**Exercise directions:** With every picture left out, restate the listing below exactly as written.

**The data:**
----------

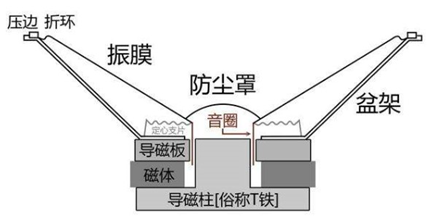 流过磁场内音圈的音频电流与永久磁场的相互作用会产生使锥盆轴向振动的力,
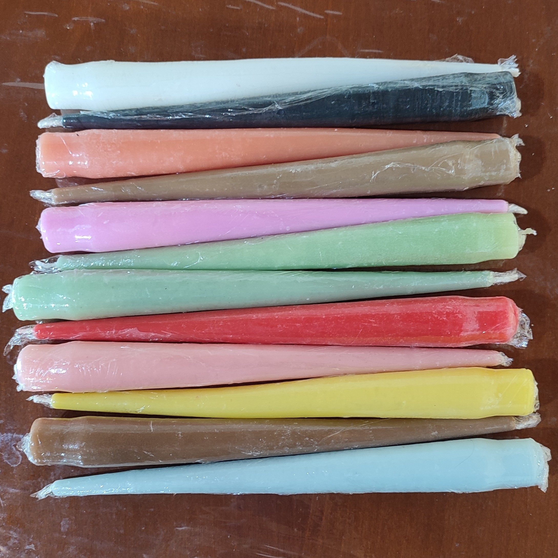 شمع های قلمی زیبا و پر کاربرد ،مناسب مراسمات وتزیین و هدیه و .. بسته های 10 تایی تک رنگ بسته 10 تایی همه رنگ سفید ،زرد،طلایی،مشکی ،سبز،ابی،قرمز،صورتی،نارنجی ،بنفش ،قهوه ای ،گلبهی سبز کم رنگ ،نیلی
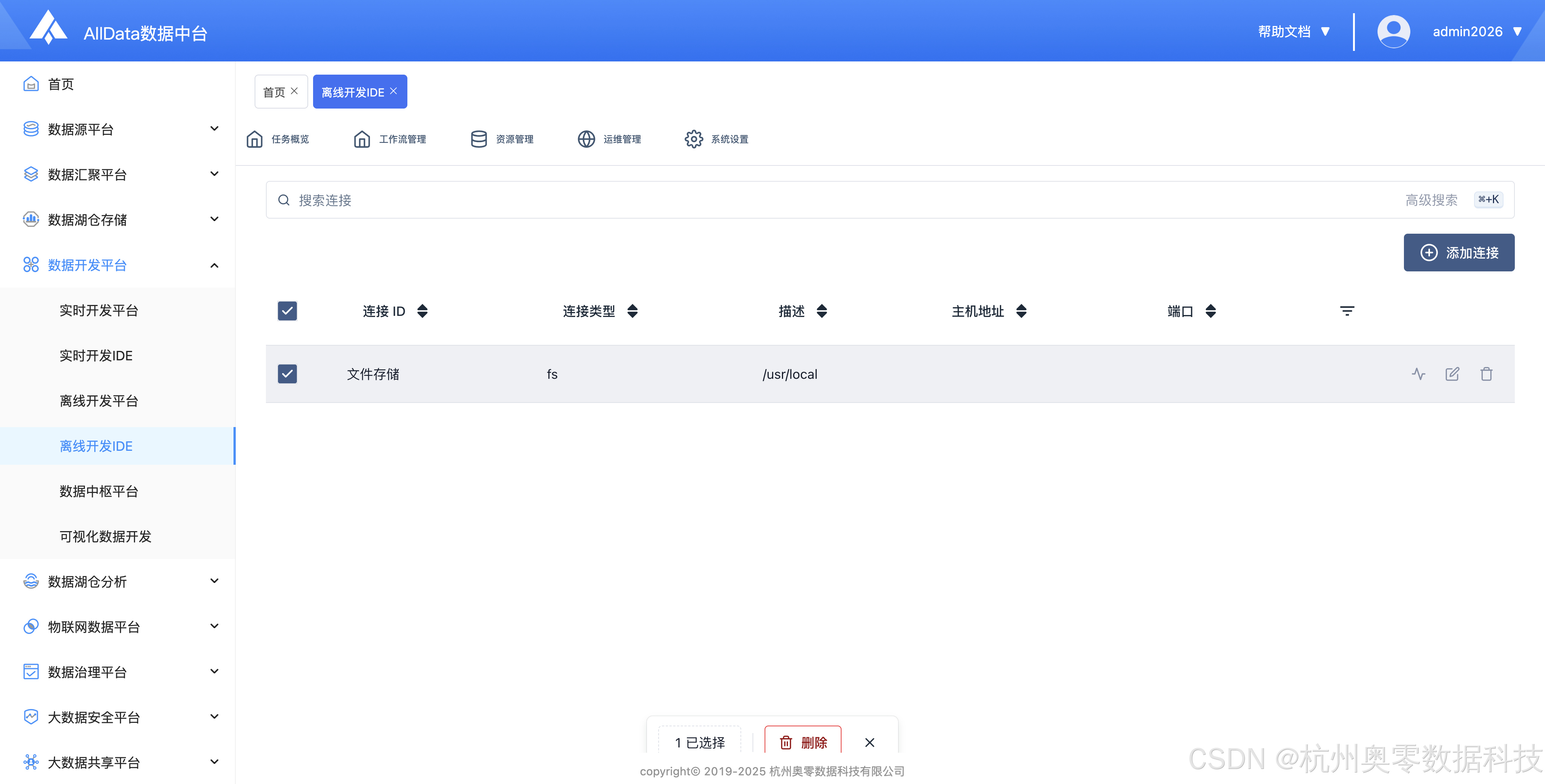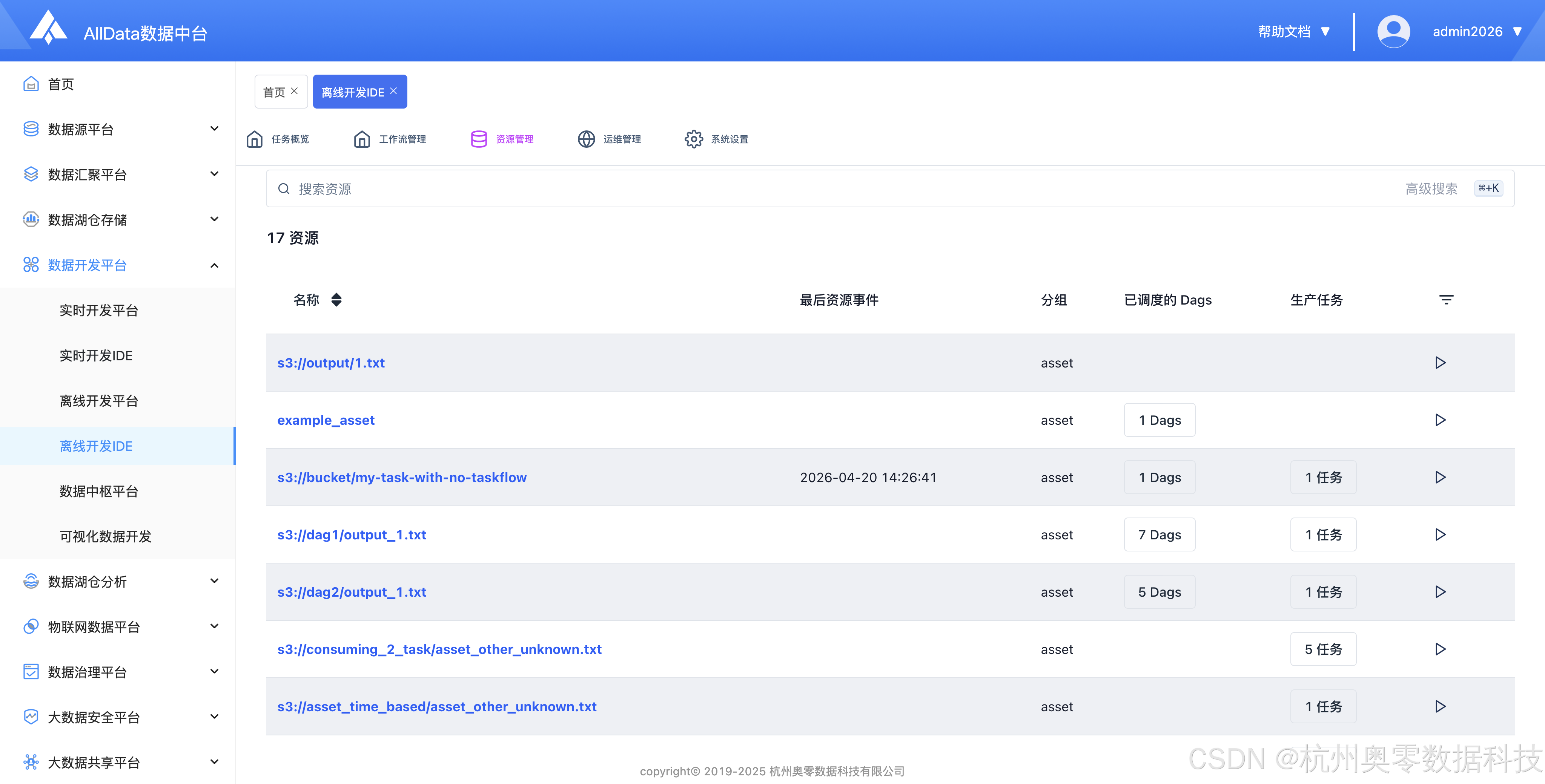 AllData数据中台集成AirFlow构建的离线开发IDE,是 AllData 数据中台集成的可视化任务调度开发环境,支持工作流编排、任务调度、运维监控与系统配置,实现离线数据任务全生命周期统一管理。

----------

**Solved exercise:**
 流过磁场内音圈的音频电流与永久磁场的相互作用会产生使锥盆轴向振动的力,
 شمع های قلمی زیبا و پر کاربرد ،مناسب مراسمات وتزیین و هدیه و .. بسته های 10 تایی تک رنگ بسته 10 تایی همه رنگ سفید ،زرد،طلایی،مشکی ،سبز،ابی،قرمز،صورتی،نارنجی ،بنفش ،قهوه ای ،گلبهی سبز کم رنگ ،نیلی
 AllData数据中台集成AirFlow构建的离线开发IDE,是 AllData 数据中台集成的可视化任务调度开发环境,支持工作流编排、任务调度、运维监控与系统配置,实现离线数据任务全生命周期统一管理。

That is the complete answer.